Mary E. Daly is Professor Emeritus in Irish history at UCD, and a member of the Expert Advisory Group on the Decade of Centenaries. She served as President of the Royal Irish Academy from 2014-2017.

Margaret Kelleher is Professor and Chair of Anglo-Irish Literature and Drama at University College Dublin. Her publications include The Maamtrasna Murders: Language, Life and Death in Nineteenth-Century Ireland (UCD Press) which was awarded the Michael J. Durkan Prize for Books on Language and Culture by the American Conference of Irish Studies in 2019 and shortlisted for the Michel Déon Prize. She is Chair of the Irish Film Institute and UCD academic lead for the Museum of Literature Ireland (MoLI).

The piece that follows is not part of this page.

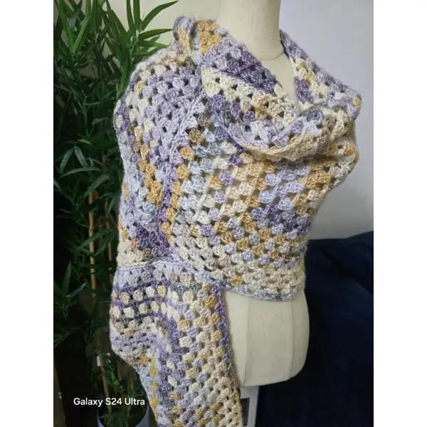 Perfect for layering, this crochet shawl pairs beautifully with casual or dressy outfits. Drape it over your shoulders or wrap it around for extra coziness.
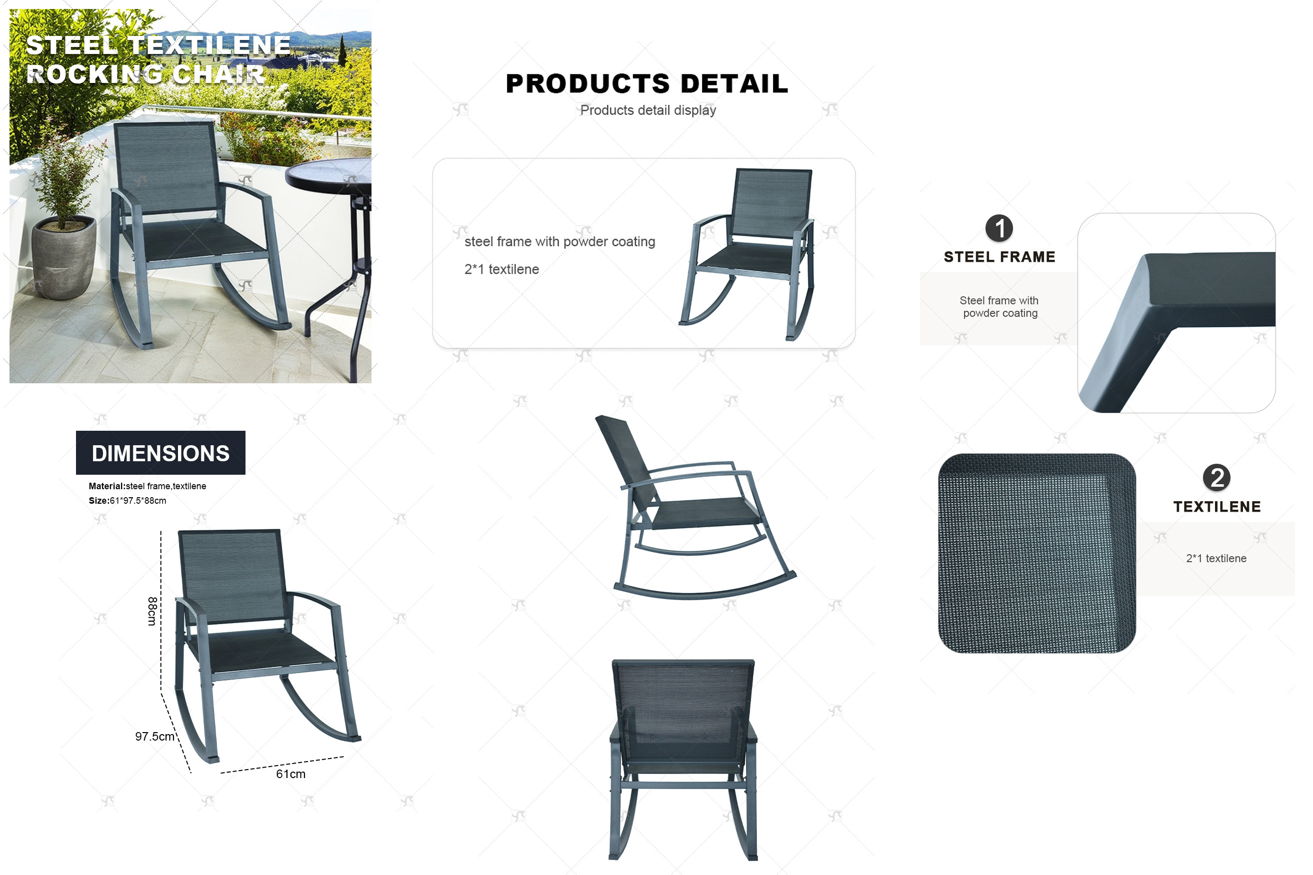Modern Design Outdoor Rocking Chair Steel Metal Frame Swimming Pool Patio Garden Park Bedroom Restaurants Villas Durable Fabric

www.president.ie #Machnamh100

Daithí Ó Corráin lectures in the School of History and Geography at DCU and is Chair of the MA in History. He has published widely on the Irish Revolution, 1912-23 and Irish Catholicism. He is the author of Rendering to God and Caesar: the Irish churches and the two states in Ireland, 1949-73 (2006) and chapters on Irish Catholicism in the Cambridge History of Ireland (2018) as well as the forthcoming Oxford History of British and Irish Catholicism (2022) and Oxford Handbook of Religion in Ireland (2022). He is co-editor with Professor Marian Lyons of The Irish Revolution, 1912-23 series of county histories published by Four Courts Press. His latest book (co-authored with Eunan O’Halpin) is the landmark The Dead of the Irish Revolution (2020).

Fearghal McGarry is Professor of Modern Irish History at Queen’s University Belfast. He has written widely on revolutionary and postindependence Ireland. He is the author of The Abbey Rebels of 1916: A Lost Revolution (2015) and The Rising: Ireland, Easter 1916 (2010). His co-edited books, Ireland 1922: Independence, Partition, Civil War (Royal Irish Academy) and The Irish Revolution: A Global History (NYU Press) will be published next year. With partners at the University of Edinburgh and Boston College, McGarry has recently completed a major AHRC research project, A Global History of Irish Revolution, 191623, which investigates how the Irish struggle for independence was shaped by international currents. He has been extensively involved with activities marking the Decade of Centenaries including the development of GPO Witness History exhibition. He was a historical consultant for the BBC’s recent television documentary series, The Road to Partition.